* Required work: Set down, word for word, the line with "Profitez d'un site" and the lines after it through the final line of the data below, without pictures.

* Source material:

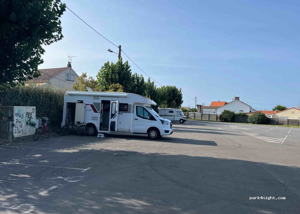 Parking gratuit pour une nuit c'est nikel attention toutefois renseigner vous a l'arrivée pour les jours de marché. nous sommes arriver le 15 août parking vide poubelle sur site et toilette public plage à 300 mètres pour pas gêner pas de déballage extérieur
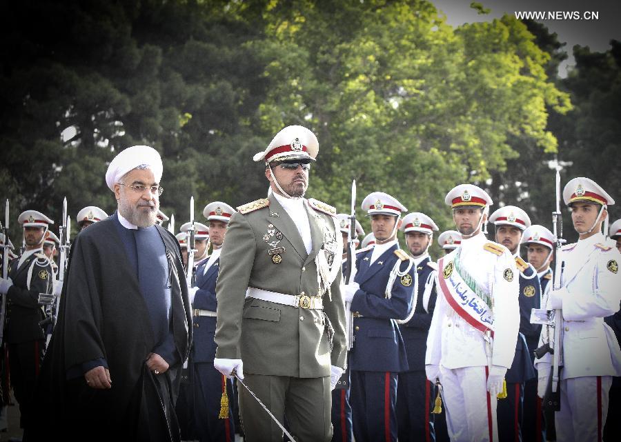 | Iranian President Hassan Rouhani (L) inspects the honour guards before leaving for China at Mehrabad Airport in Tehran, Iran, on May 20, 2014. Rouhani left Tehran for Shanghai on Tuesday morning to attend the Conference on Interaction and Confidence Building Measures in Asia (CICA) summit, to be held in Shanghai on May 20-21. (Xinhua/Ahmad Halabisaz) |
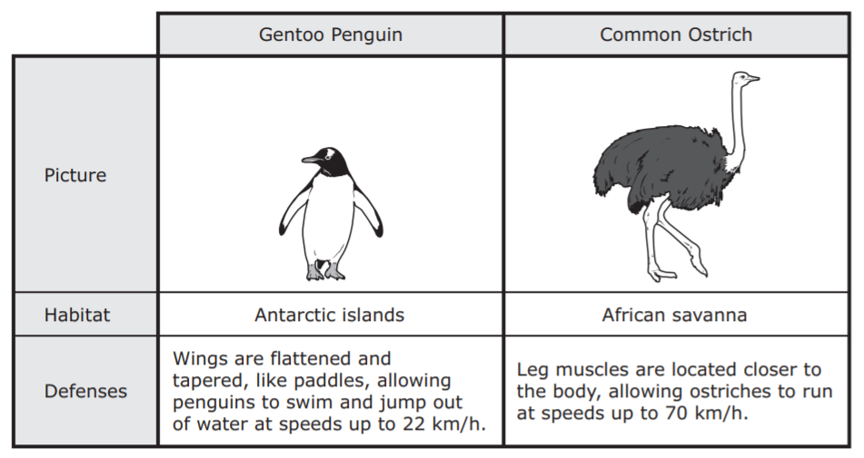 The defenses of two flightless birds that live in different habitats are shown.
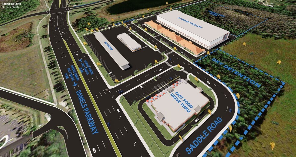 Profitez d'un site prêt à l'emploi bénéficiant d'un accès pratique à l'autoroute et de nombreuses utilisations autorisées dans une communauté aisée au 13201 Saddle Road. Le site comprend un zonage commercial général, qui permet de multiples utilisations, notamment des lave-autos, des stations-service et des magasins de proximité, des églises, des magasins de pièces automobiles, des restaurants, des établissements de restauration rapide, des pharmacies, des relais routiers, des installations d'entreposage en libre-service et des installations de service au volant. La façade considérable du site le long de la promenade Daniels permet une entrée et une sortie approuvées directement à la sortie de la route principale, sur laquelle circulent plus de 90 000 véhicules chaque jour. Ce chiffre continuera d'augmenter parallèlement à une croissance démographique prévue de 16 % d'ici 2027 dans un rayon de huit kilomètres autour du 13201 Saddle Road. Dans cette même fourchette, les acheteurs trouveront une communauté aisée dont le revenu familial moyen est supérieur à 112 000$. En outre, S Ft. Myers/San Carlos est un marché d'investissement très liquide caractérisé par de nombreuses transactions, et le marché a prouvé une fois de plus qu'il ne l'était l'année dernière. Ces liquidités témoignent de l'attrait de la région pour les investisseurs, les nouvelles entreprises dans divers secteurs et les résidents qui souhaitent s'installer dans une région favorable aux affaires. Le 13201 Saddle Road est la destination idéale pour les investisseurs à la recherche d'un site de développement bénéficiant d'un trafic intense et d'une communauté aisée.
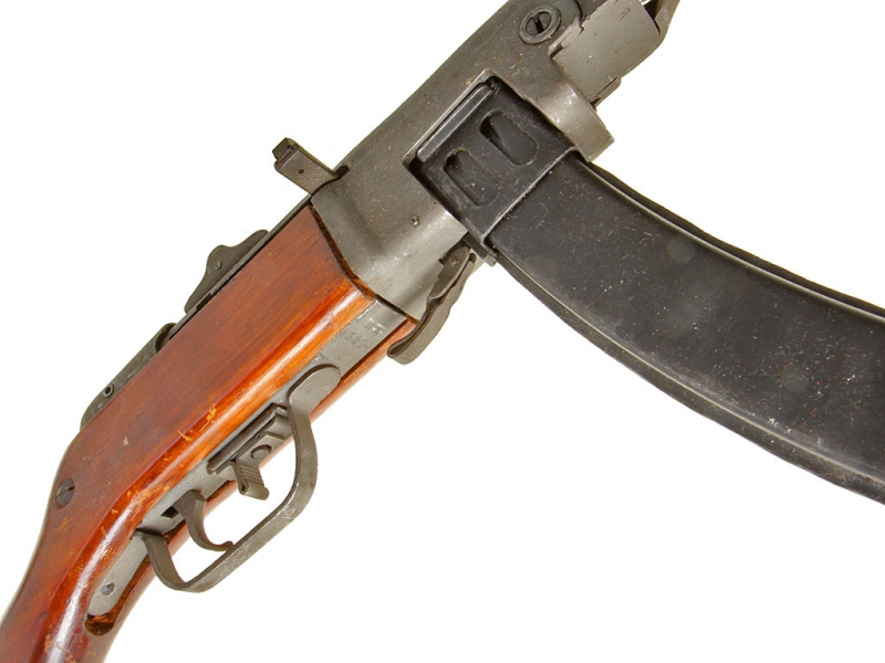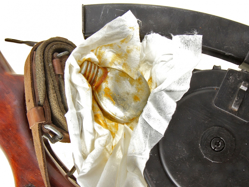 Пистолет-пулемет Шпагина ППШ-41 выпуска 1943 года. Хорошее состояние, на одном номере. Рожковый и дисковый магазины в комплекте, также как и ремень, масленка и шомпол.
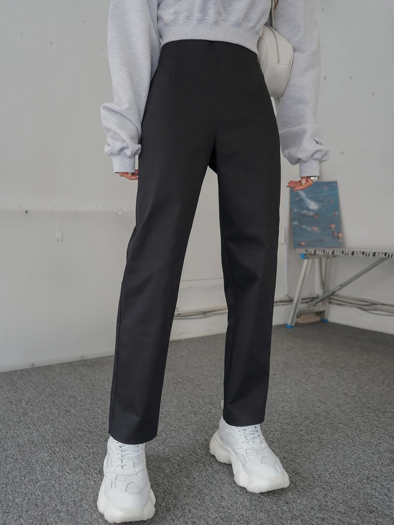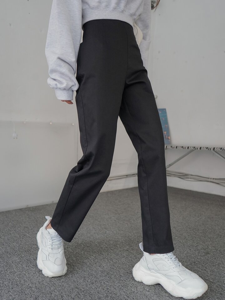 بنطلون بساق مستقيم بلون موحد بخصر عالي

* Response to this exercise:
 Profitez d'un site prêt à l'emploi bénéficiant d'un accès pratique à l'autoroute et de nombreuses utilisations autorisées dans une communauté aisée au 13201 Saddle Road. Le site comprend un zonage commercial général, qui permet de multiples utilisations, notamment des lave-autos, des stations-service et des magasins de proximité, des églises, des magasins de pièces automobiles, des restaurants, des établissements de restauration rapide, des pharmacies, des relais routiers, des installations d'entreposage en libre-service et des installations de service au volant. La façade considérable du site le long de la promenade Daniels permet une entrée et une sortie approuvées directement à la sortie de la route principale, sur laquelle circulent plus de 90 000 véhicules chaque jour. Ce chiffre continuera d'augmenter parallèlement à une croissance démographique prévue de 16 % d'ici 2027 dans un rayon de huit kilomètres autour du 13201 Saddle Road. Dans cette même fourchette, les acheteurs trouveront une communauté aisée dont le revenu familial moyen est supérieur à 112 000$. En outre, S Ft. Myers/San Carlos est un marché d'investissement très liquide caractérisé par de nombreuses transactions, et le marché a prouvé une fois de plus qu'il ne l'était l'année dernière. Ces liquidités témoignent de l'attrait de la région pour les investisseurs, les nouvelles entreprises dans divers secteurs et les résidents qui souhaitent s'installer dans une région favorable aux affaires. Le 13201 Saddle Road est la destination idéale pour les investisseurs à la recherche d'un site de développement bénéficiant d'un trafic intense et d'une communauté aisée.
 Пистолет-пулемет Шпагина ППШ-41 выпуска 1943 года. Хорошее состояние, на одном номере. Рожковый и дисковый магазины в комплекте, также как и ремень, масленка и шомпол.
 بنطلون بساق مستقيم بلون موحد بخصر عالي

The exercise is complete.